Look below for the line containing "following link shows" and the line containing "A typical Lewis showhome", then set down both and every line between them exactly, without pictures.

[[ Source data open ]]

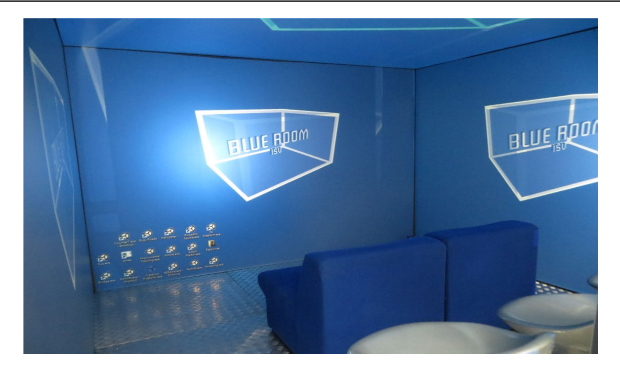
Fig. 1 Picture of the Blue Room virtual reality environment

following link shows a session in progress: https://www. youtube.com/watch?v=9U-rRC8jc28.
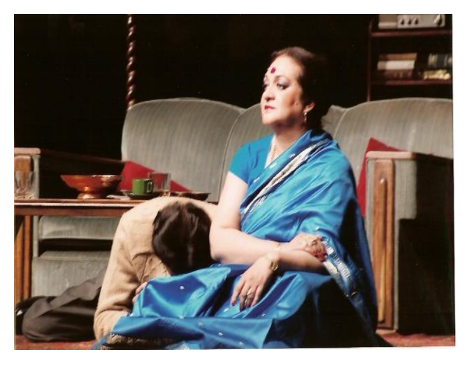
Figure 2: The scene between Deepak and Chitra and his final surrender from Yatrik's '9 Jakhoo Hill'

The other scene between ambitious young Deepak and his conniving shrewd mother Chitra, played from an indiscriminate bored limpidness to a shattering climax "Fig.2".
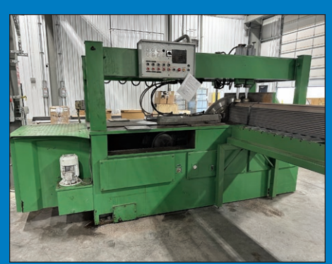
Trennjaeger Upacting Cold Saw
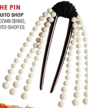
▶ THE PIN MOSQUITO SHOP CANDE COMB ($188), MOSQUITO-SHOP.ES
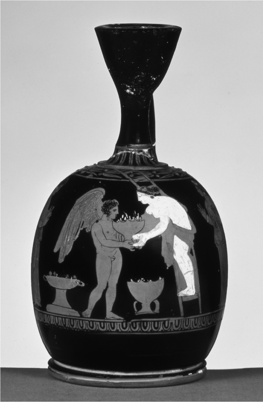
Figure 1. Aphrodite performing the Adonia. Lekythos, ca. 380 B.C.E. Badisches Landesmuseum B39. Reproduced with permission.
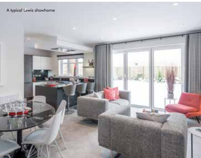
A typical Lewis showhome

So whether you're looking for more space for all the family, or to downsize without compromise, The Lewis could be the perfect choice for your whole new beginning.
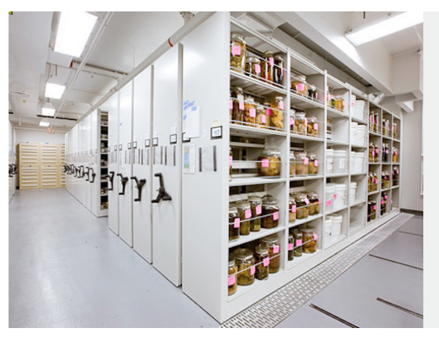
Collection space interiors: Inside the Dulles Collection Center — Module 1 (left). Collection storage space inside the Museum Support Center (right).
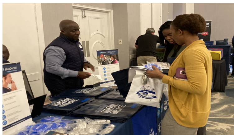
Association Members meet and greet with Corporate Members from Blue Cross and Blue Shield at the NCNGA Convention
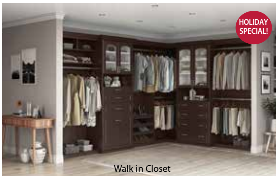
Walk in Closet
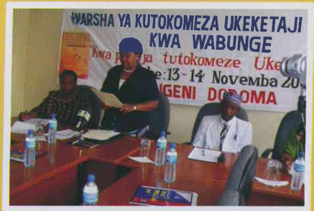
Tanzania Workshop on FGM for legislators, 2007.
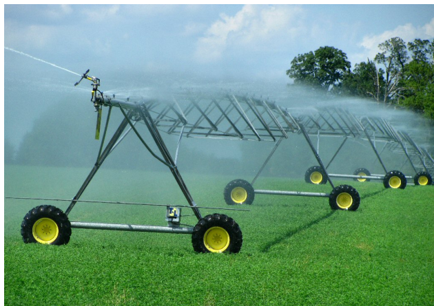
Irrigating the Fields Fourth in Water Category October 4, 2010

Feb. 21. Educational Session on members' questions and issues, and also a viewing of members' images applying Radiant Vista techniques demonstrated on December 13.

[[ Source data closed ]]

**Worked solution**
following link shows a session in progress: https://www. youtube.com/watch?v=9U-rRC8jc28.
Figure 2: The scene between Deepak and Chitra and his final surrender from Yatrik's '9 Jakhoo Hill'

The other scene between ambitious young Deepak and his conniving shrewd mother Chitra, played from an indiscriminate bored limpidness to a shattering climax "Fig.2".
Trennjaeger Upacting Cold Saw
▶ THE PIN MOSQUITO SHOP CANDE COMB ($188), MOSQUITO-SHOP.ES
Figure 1. Aphrodite performing the Adonia. Lekythos, ca. 380 B.C.E. Badisches Landesmuseum B39. Reproduced with permission.
A typical Lewis showhome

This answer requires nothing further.